Begin with the first line below and retype each line exactly through the line containing "Sadar Market, with". Any pictures are to be left out.

··· Provided data

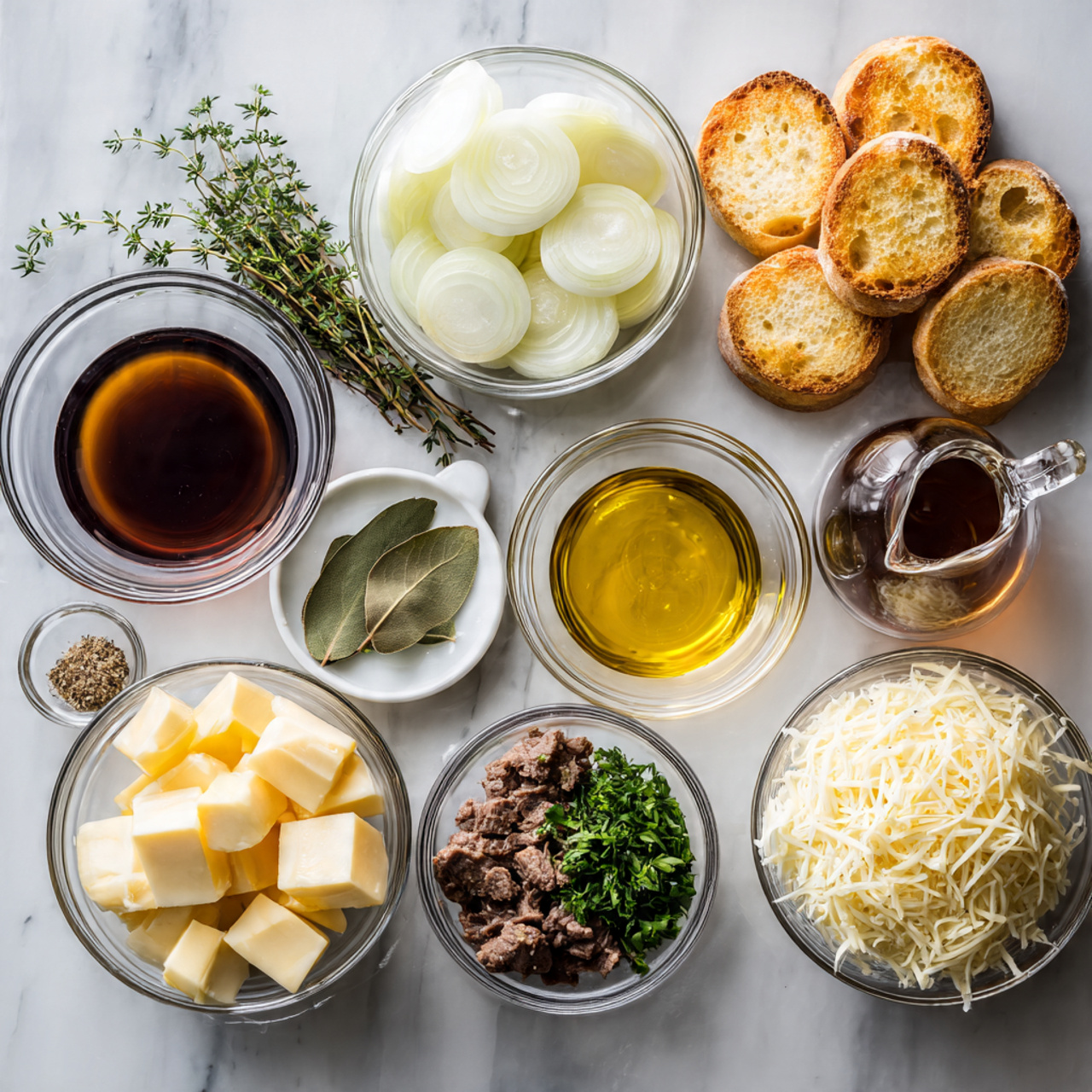 These ingredients come together to create a deeply flavorful soup with sweet caramelized onions, rich broth, and a cheesy golden topping.
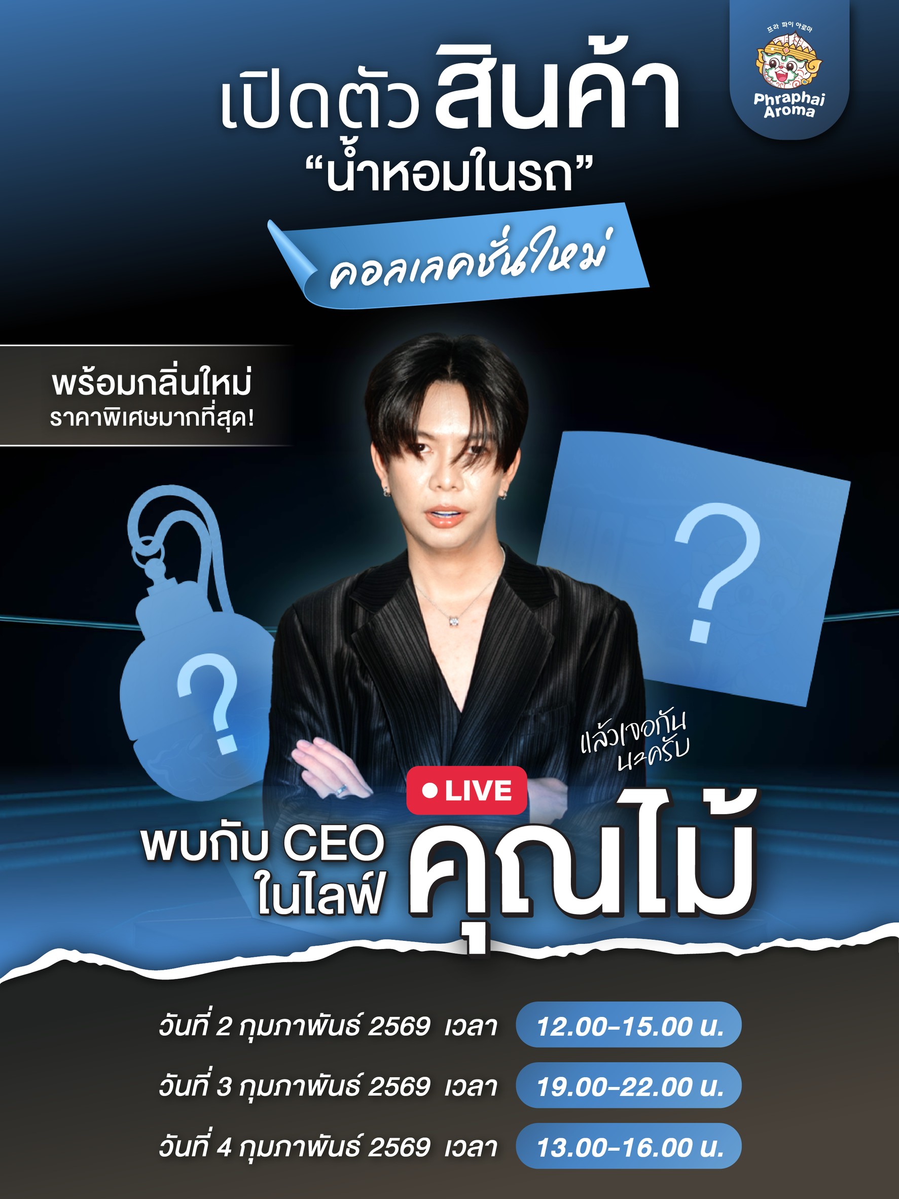 พระพายอโรม่าเปิดตัวน้ำหอมรถยนต์ 12ML. พร้อมไลฟ์สด 2-4 กุมภา
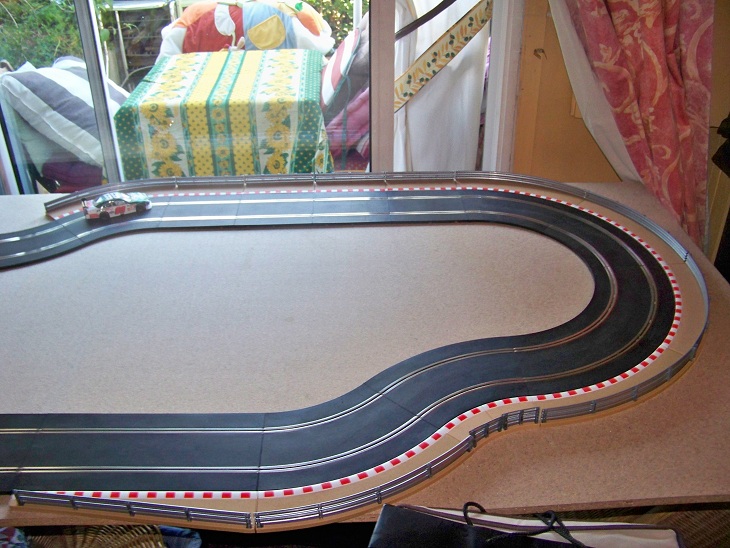 Bonjour à tous, je reprend le slot après quelques mois d'arret mais j'ai démonté mon ancien circuit pour passer à quelque chose de très petit voire modeste sur un plateau d'1m50 par 1m donc j'ai beaucoup réduit la voillure.
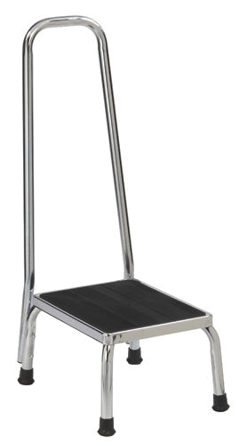 Safety step stool with handrail, all steel construction with a non-slip rubber pad step, 11" x 14" x 9" high.
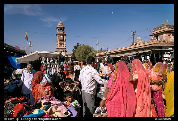 Sadar Market, with women in colorful sari and clock tower. Jodhpur, Rajasthan, India
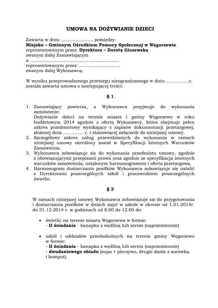 UMOWA NA DOŻYWIANIE DZIECI Zawarta w dniu …………………. pomiędzy: Miejsko – Gminnym Ośrodkiem Pomocy Społecznej w Węgorzewie reprezentowanym przez: Dyrektora – Dorotę Giczewską zwanym dalej Zamawiającym a ……………………………………………………. reprezentowanym przez: ………………………. zwanym dalej Wykonawcą. W wyniku przeprowadzonego przetargu nieograniczonego w dniu …………….r. została zawarta umowa o następującej treści: §1 1. Zamawiający powierza, a Wykonawca przyjmuje do wykonania zamówienie: Dożywianie dzieci na terenie miasta i gminy Węgorzewo w roku budżetowym 2014 zgodnie z ofertą Wykonawcy, która obejmuje pełen zakres przedmiotowy wynikający z zapisów dokumentacji przetargowej, złożonej dnia ………….. r. i stanowiącej załącznik do niniejszej umowy. 2. Szczegółowy zakres usług przewidzianych do wykonania w ramach niniejszej umowy określony został w Specyfikacji Istotnych Warunków Zamówienia. 3. Wykonawca zobowiązuje się do wykonania przedmiotu umowy, zgodnie z obowiązującymi przepisami prawa oraz zgodnie ze specyfikacją istotnych warunków zamówienia, ustalonym harmonogramem i ofertą przetargową. 4. Harmonogram dostarczania posiłków Wykonawca zobowiązuje się ustalić z Dyrektorami poszczególnych szkół i pracownikiem poszczególnych świetlic. §2 W ramach niniejszej umowy Wykonawca zobowiązuje się do przygotowania i dostarczania posiłków w dniach zajęć w szkole w okresie od 1.01.2014r. do 31.12.2014 r. w godzinach od 8.00 do 12.00 do: świetlic na terenie miasta Węgorzewa w formie: - II śniadania - kanapka z wędliną lub serem (naprzemiennie) szkół i oddziałów przedszkolnych na terenie gminy Węgorzewo w formie: - II śniadania - kanapka z wędliną lub serem (naprzemiennie) - dwudaniowego obiadu (zupa + pieczywo, drugie danie z surówką i kompot). Prognozowana dzienna ilość posiłków dla poszczególnych szkół i przedszkoli oraz świetlic: Szkoła Podstawowa w Perłach – 50 posiłki Zespół Szkół w Radziejach(szkoła podstawowa i gimnazjum)– 40 posiłki Szkoła Podstawowa w Węgielsztynie – 25 posiłków Oddział przedszkolny przy szkole w Perłach – 9 posiłków Oddział przedszkolny przy szkole w Radziejach – 5 posiłków Oddział przedszkolny przy szkole w Węgielsztynie – 5 posiłków Świetlica Socjoterapeutyczna „DOM” przy Szkole Podstawowej nr 1 w Węgorzewie – 25 posiłków Ognisko Wychowawcze „Przyjazny Kącik” przy Szkole Podstawowej nr 2 w Węgorzewie – 17 posiłków §3 2. 3. 4. 5. 6. 1. Zamawiający zobowiązuje się do zapłaty wynagrodzenia za dostarczone posiłki według ceny jednostkowej określonej w ofercie Wykonawcy tj. - w szkole za cenę brutto ………….. (słownie………………….……) za jeden posiłek (II śniadanie + obiad); - w przedszkolu za cenę brutto ……… (słownie:…………………) za jeden posiłek (II śniadanie + obiad) oraz - w świetlicach za cenę brutto …………..(słownie: ………………..)za jeden posiłek (II śniadanie) wraz z wszystkimi kosztami z nimi związanymi (przygotowanie, dowóz, itp.). Maksymalna wartość umowy wynosi …………………… zł brutto (słownie: ………………………………………………………………………………) i obejmuje całkowity koszt niezbędny do zrealizowania zamówienia. Wynagrodzenie należne Wykonawcy jest iloczynem rzeczywiście dostarczonych posiłków i określonych w umowie cen jednostkowych. Zamawiający dopuszcza zmianę wartości umowy do wysokości 30% (art. 67 ust. 1 pkt 6) w sytuacji, gdy wzrośnie liczba dożywianych dzieci w świetlicach, szkołach lub przedszkolach objętych w/w zamówieniem. Posiłki powinny być dostarczane w specjalistycznych termosach gwarantujących utrzymanie odpowiedniej temperatury oraz jakości i higieny przewożonych potraw. Wykonawca jest zobowiązany zapewnić naczynia jednorazowego użytku, w których będą spożywane dostarczone posiłki oraz opakowanie kanapki (II śniadanie). Koszt tych naczyń i opakowania kanapki jest uwzględniony w cenie jednostkowej określonej w § 3 ust. 1. Wykonawca zobowiązany jest dbać o czystość termosów oraz do odbierania resztek posiłków i zużytych naczyń jednorazowego użytku. §4 1. Wykonawca zobowiązany jest dostarczać posiłki urozmaicone, o wysokiej wartości odżywczej, przygotowane zgodnie z zasadami żywienia dzieci, smaczne i atrakcyjne pod względem organoleptycznym. Urozmaicenie posiłków będzie dotyczyć: doboru posiłków, barwy, smaku, zapachu, konsystencji i sposobu przyrządzania potraw. 2. Przy planowaniu posiłków Wykonawca uwzględniać będzie zlecaną wartość energetyczną dla dzieci w wieku szkolnym i przedszkolnym oraz normy produktów dla każdej z grup, będzie brać również pod uwagę wartość odżywczą przygotowanych posiłków. 3. Każdy posiłek powinien zawierać odpowiednią gramaturę dla poszczególnych grup dożywianych dzieci. Posiłek do szkół: II śniadanie - bułka 80 g z wędliną lub serem naprzemiennie (każda kanapka musi być opakowana np. owinięta folią spożywczą, w woreczku śniadaniowym) Dwudaniowy obiad: - jedna porcja zupy musi posiadać objętość min. 300 ml + pieczywo 100g, - porcja drugiego dania musi posiadać gramaturę nie mniejszą niż 400 g: * w tym mięso i surówka po 100 gram (co najmniej raz w tygodniu ryba) oraz ziemniaki lub zamiennik (ryż, kasza, makaron, itp.) 200 gram; * jeden raz w tygodniu drugie danie mogą stanowić pierogi, naleśniki, kopytka, gołąbki lub krokiety o wadze 300 gram; * do każdego obiadu musi być kompot lub napój 200 ml; * kaloryczność każdego posiłku nie może być mniejsza niż 800 kcal. Posiłek do przedszkoli: II śniadanie - bułka 45 g z wędliną lub serem naprzemiennie (każda kanapka musi być opakowana np. owinięta folią spożywczą, w woreczku śniadaniowym) Dwudaniowy obiad: - jedn

······

• Response area
 These ingredients come together to create a deeply flavorful soup with sweet caramelized onions, rich broth, and a cheesy golden topping.
 พระพายอโรม่าเปิดตัวน้ำหอมรถยนต์ 12ML. พร้อมไลฟ์สด 2-4 กุมภา
 Bonjour à tous, je reprend le slot après quelques mois d'arret mais j'ai démonté mon ancien circuit pour passer à quelque chose de très petit voire modeste sur un plateau d'1m50 par 1m donc j'ai beaucoup réduit la voillure.
 Safety step stool with handrail, all steel construction with a non-slip rubber pad step, 11" x 14" x 9" high.
 Sadar Market, with women in colorful sari and clock tower. Jodhpur, Rajasthan, India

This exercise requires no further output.